M. Ram Reddy (d. 1979) was an Indian socialist politician. He was a Member of Legislative Assembly of Hyderabad State 1953-1957, and of Andhra Pradesh 1962-1967 and 1978-1979.

==Biography==
In the period after the independence of India, M. Ram Reddy was a prominent leader of the Socialist Party in Hyderabad State. M. Ram Reddy contested the Mahbubnagar Lok Sabha seat in the 1952 Indian general election as a Socialist Party candidate, finishing in second place with 102,131 votes (29.67%).

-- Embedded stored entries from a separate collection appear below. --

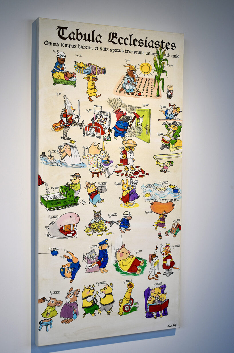 The painting for Ecclesiasties — Tabula Ecclesiastes — is Kyle Holt’s favorite. With the characters of Richard Scarry illustrating the seasons of life, he said, it invokes a feeling of nostalgia, remembering when he read those books as a child and now to his own children.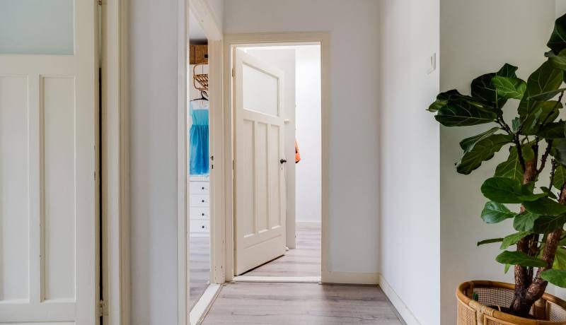 Spacious landing, two nice bedrooms at the front of the house. A pleasant intermediate room (equipped with a skylight) in the middle of this floor. At the rear you will find the most spacious bedroom with a closet. The bathroom has a sink and a walk-in shower, and the central heating (2013) and washing machine are also located here. From the bathroom there is access to the sunny roof terrace. All rooms on this living floor also have a pleasant ceiling height of approximately 2.8 meters.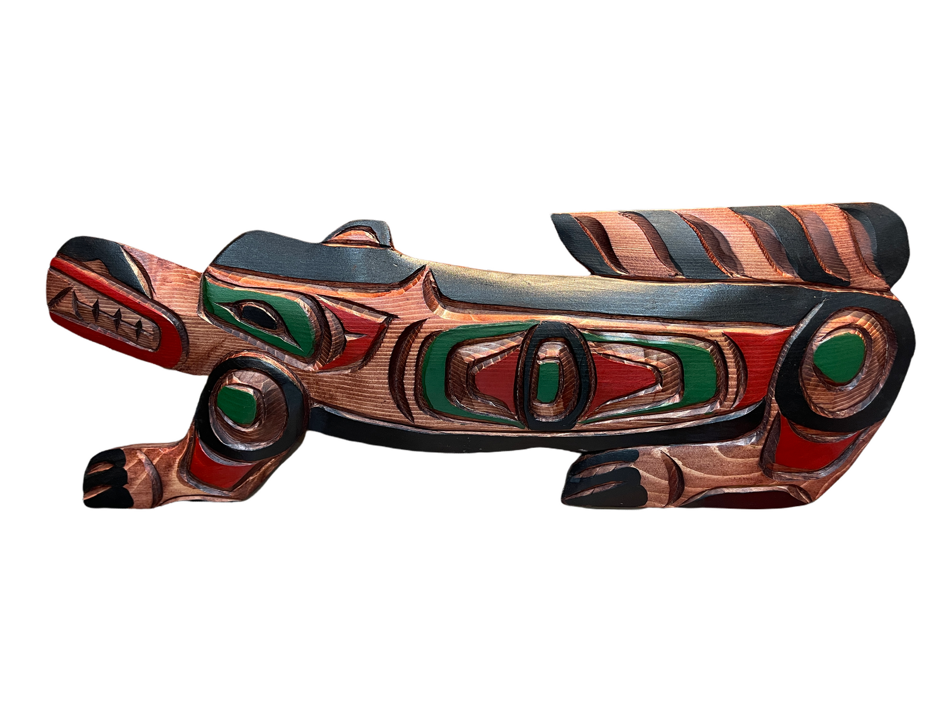 George Matilpi was born in Alert Bay, BC and is a member of the Kwakwaka'wakw and Dakelh Nations. He was born in 1953 and has been carving for over 50 years. Taught by Amos Dawson, Chief of the Carrier (Dakelh) Nation, George Matilpi carves exceptional and traditional Kawkiult wood plaques. He employs the traditional black, red, and turquoise colour scheme on unstained cedar wood. Within this framework, Matilpi creates innovative and charismatic animal plaques with personality.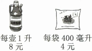 每袋$400$毫升$4$元,则每毫升袋装醋的价格为$4÷400 = 0.01$(元/毫升)。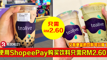 只要你通过Shopee 购买Tealive 饮料礼券,可享有一杯只需RM2.80 优惠价格!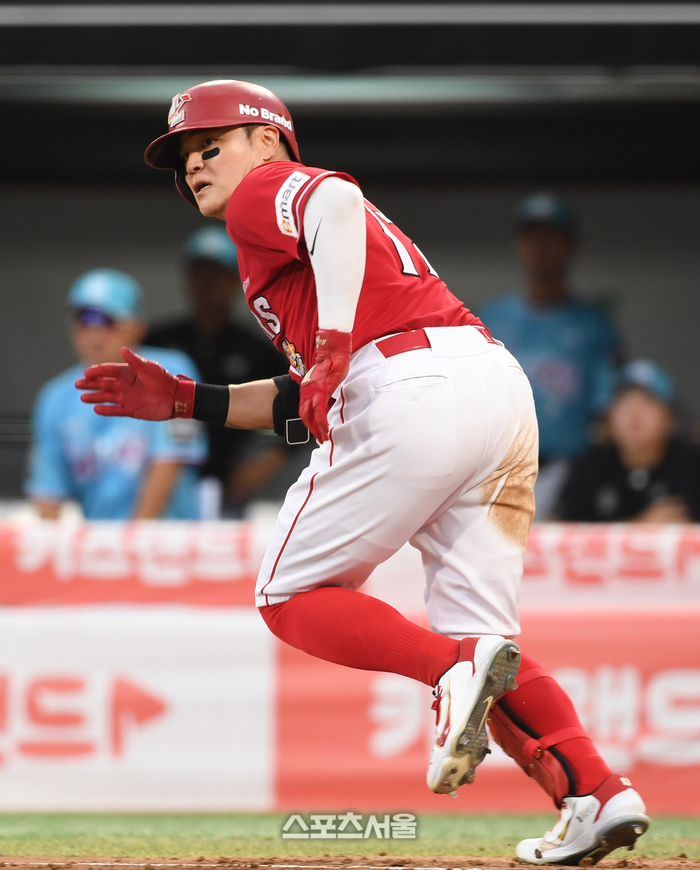 SSG 랜더스 추신수가 3일 수원 KT위즈파크에서 열린 2023 KBO리그 KT 위즈와 경기 3회초 1사 2루 상황에서 KT 선발 엄상백을 상대로 1타점 2루타를 치고 있다. 1회초에 이어 추신수의 두 번째 2루타로 멀티 히트. 2023. 8. 3. 수원 | 박진업기자 upandup@spotsseoul.com
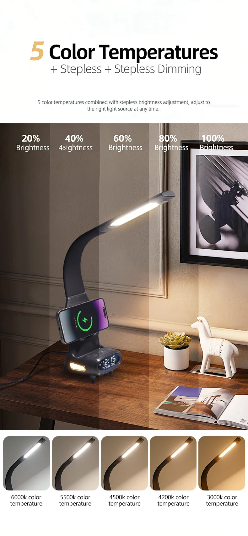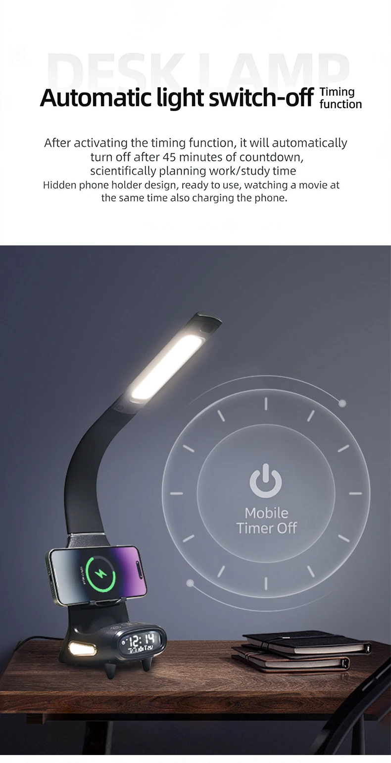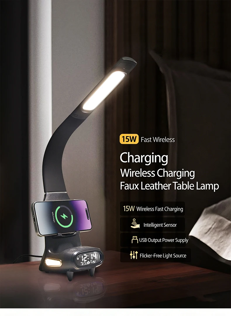 Multi-Function Eye-Protecting Reading Desk Lamp for Students 3000K-6000K Stepless Dimming 15W Wireless Fast Charging Study Light
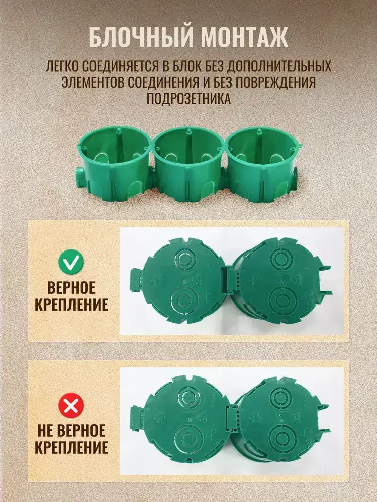 Подрозетник для бетона, 68х45, Зеленый, 20 шт.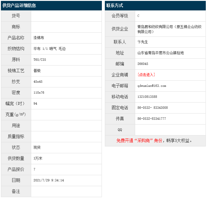 7月29日,青島君和紡織有限公司(原五棉云山紡織有限公司)滌棉平布T65/C35 45x45 110x76 94" 1/1 噴氣 毛邊,報價為7元/米,實際成交價以協(xié)商為準(zhǔn)。[點擊查看詳情]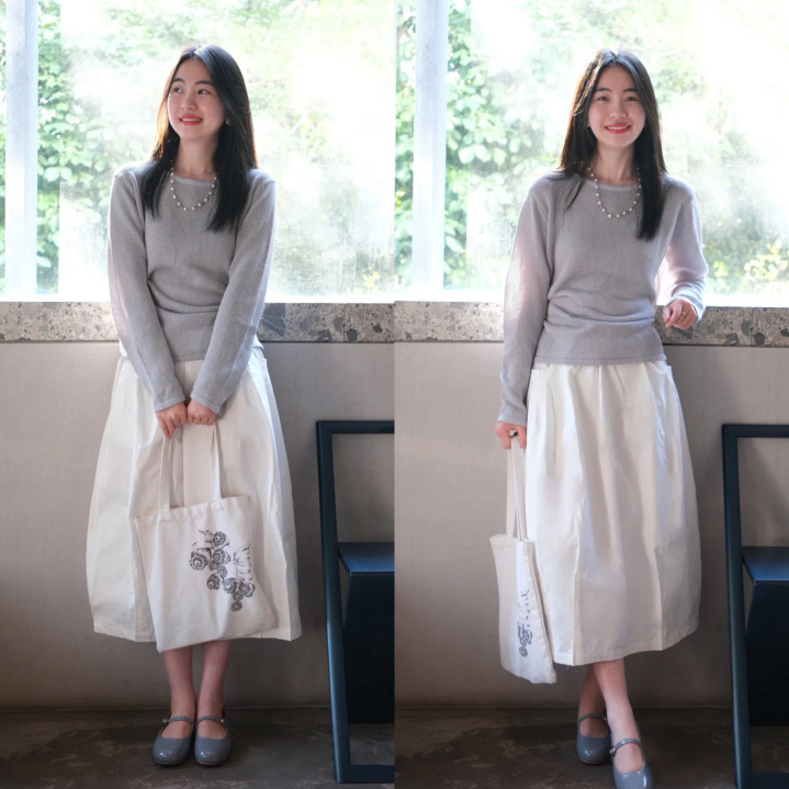 在韩系穿搭中,毛衣是她们凹造型的利器,遴荐勤俭的版型,更能打造高档噶,灰色圆领毛衣搭配白色蓬蓬裙,灰绿色玛丽珍鞋加多密致感,脖子用一条珍珠项链点缀,提亮造型又衬肤色。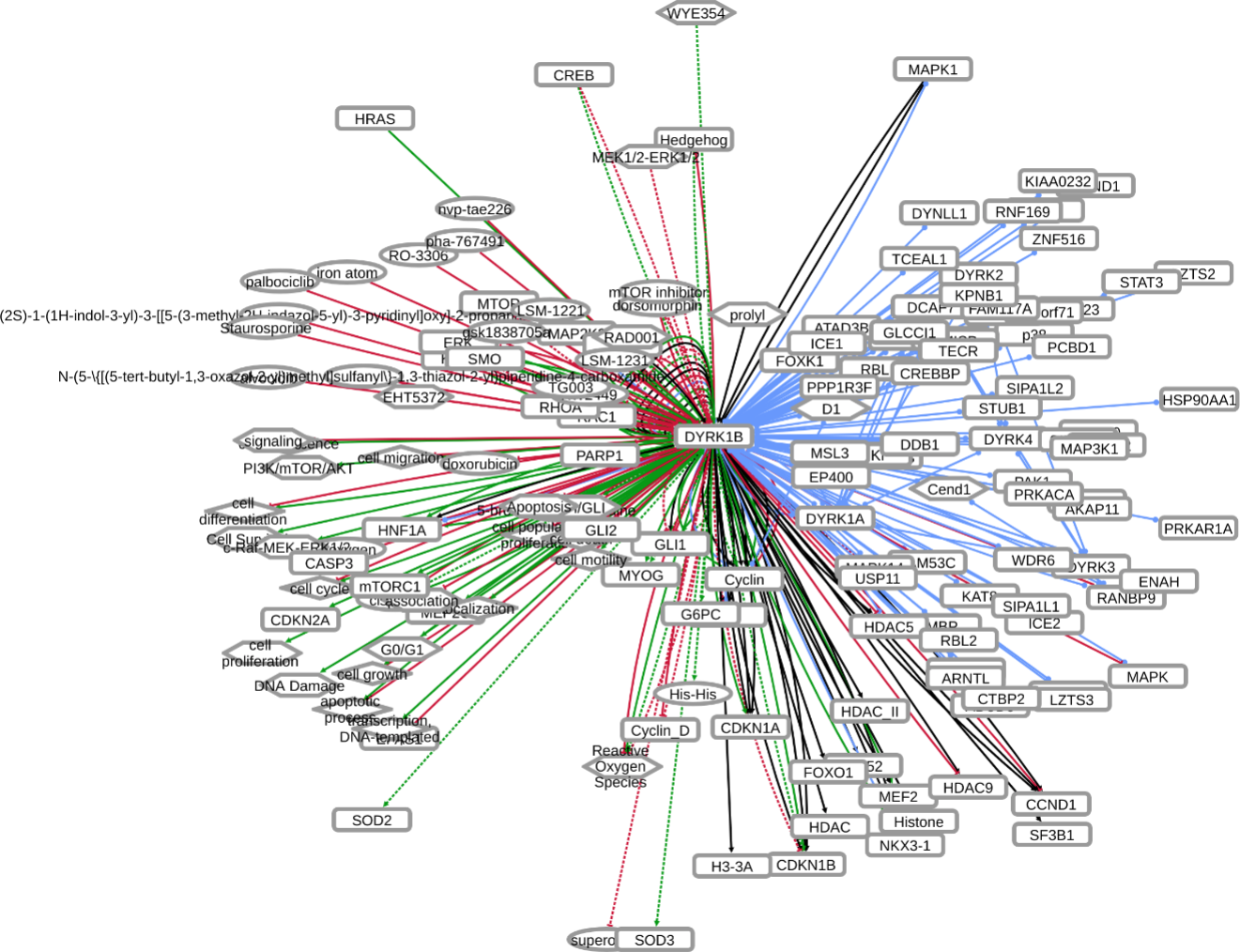 INDRA (Integrated Network and Dynamical Reasoning Assembler) is an automated model assembly system drawing from natural language processing systems and structured databases. It collects mechanistic and causal assertions, represents them in a standardized form (INDRA Statements), and assembles them into various modeling formalisms including causal graphs and dynamical models. More information on this work can be found on Github. In this particular figure, several interaction-types are depicted; physical complexes (blue), phosphorylation (black), and general up- or downregulation (green and red, respectively). Biomacromolecules are represented as squares, small molecule as circles, and biological processes and diamonds. The thickness of each line reflects a confidence score, with thicker lines higher in confidence.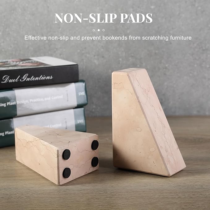 Koville Natural Stone Bookends for Shelves, Granite Book Ends for Heavy Books, Non-Slip Heavy Duty Book Stopper for CD/Movies, Decorative Bookend for Bookshelf Table Home Decor(Pink)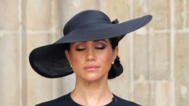 Meghan Markle menangis saat meninggalkan Westminster Abbey setelah pemakaman kenegaraan Ratu Elizabeth. Meghan Markle terlihat emosional.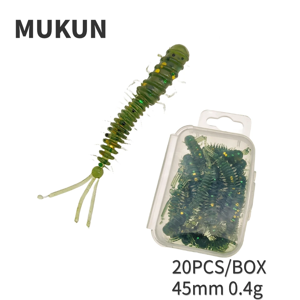 20 unids/caja cebo de silicona de gusano 45mm 0,4g cebo de goma cola recta Wobbler Kit de Señuelos de Pesca blandos con botella portátil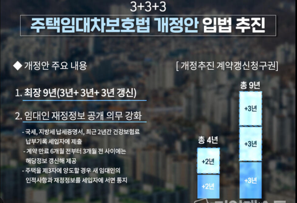 현행 주택임대차보호법이 세입자의 거주 기간을 최대 4년(2+2년) 보장하고 있다면, 앞으로는 최대 9년까지 안정적으로 거주할 수 있도록 바뀔 가능성이 열렸기 때문입니다.

He also contested the Shadnagar seat in the 1952 Hyderabad Legislative Assembly election, standing as a Socialist Party candidate. He finished in third place with 6,527 votes (22.31%).

M. Ram Reddy was elected to the Hyderabad Legislative Assembly from the Wanaparthy constituency in a December 1953 by-election (held after the death of Suravaram Pratapa Reddy). He stood as a Praja Socialist Party candidate. M. Ram Reddy obtained 9,089 votes, against 7,425 votes for Indian National Congress candidate Jai Ram and 1,133 votes for independent candidate Desarathaiya.

He contested the Mahbubnagar assembly seat in the 1957 Andhra Pradesh Legislative Assembly election, finishing in second place with 7,217 votes (32.63%). He won the Mahbubnagar seat in the subsequent 1962 Andhra Pradesh Legislative Assembly election, now standing as an independent and obtaining 15,282 votes (54.34%).

M. Ram Reddy was re-elected from the Mahbubnagar seat in the Andhra Pradesh Legislative Assembly in the 1978 election, now standing as an Indian National Congress (I) candidate. He obtained 23,861 votes (49.69%). M. Ram Reddy died on August 20, 1979. A by-election for the Mahbubnagar seat was held in 1980.